At the end of the year, he was offered a job in St Joseph’s and took up the position in September 1972. He explained: I was approached by Sr Astrid and asked if I would be interested in taking over the group of boys in St Joseph’s, that they were going to put all the boys together and once the holidays came in June, that they would be splitting that mixed group up and changing that unit to a boys’ unit and I could take it over as the team leader there, if you like. Mr Pleece said that, although he would have had regular contact with social workers, volunteers and two other Sisters in the Community who worked in the unit, it was Sr Astrid who was most in contact with him: I suppose Sr Astrid was the one that would have had her finger on anything that was going on in the unit. You must remember that Sr Astrid was a mother figure to all of the children in St Joseph’s. The boys, I mean, idolised her. When she came over, like, it was an event every time because they all wanted to speak to her and give her a hug and whatever, you know. She was wonderful with the children.

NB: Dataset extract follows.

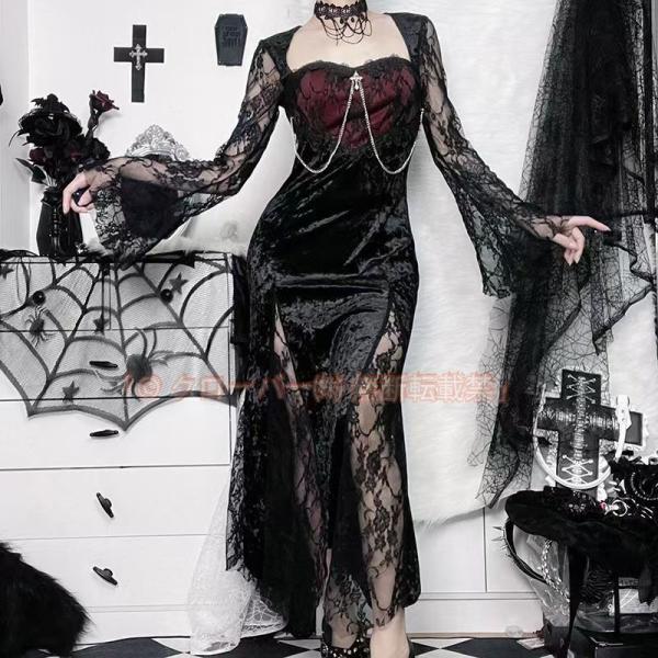 ワンピース レース ゴシック ドレス ロング ワンピ 長袖 クローバー株式会社 スリット フィッシュテール セクシー レディース ベルベット ダーク ロザリオ ゴスロリ系

Thomas Pleece left St Joseph’s between September 1973 and April 1974 and went to work in Drogheda, where he was offered a job which paid slightly better than St Joseph’s. He paid one visit to Kilkenny during the time he worked in Drogheda, and became aware that the children were not happy with his replacement. Sr Astrid met him and they discussed the possibility of his coming back. He agreed, provided she could match his salary in Drogheda. He returned to Kilkenny in April 1974 and remained there until 1976.
She recalled that Thomas Pleece attended the first childcare course in Kilkenny and was the first layman to do the course. She interviewed him with all the other applicants. He satisfactorily completed the course and she was sure she would have recommended him to the Sister in charge in St Joseph’s, although she did not remember specifically doing so. She recalled he was a good student and had impressed on the course. Once Thomas Pleece started to work in St Joseph’s, she had no contact with him. She may have met him once or twice in the grounds but had no real contact. In her Garda statement, she recalled he had an Alsatian dog which she was terrified of. She did not remember discussing his progress in St Joseph’s. Sr Astrid did not tell her about his dismissal or the circumstances surrounding it. She did not know why he left and never enquired about it.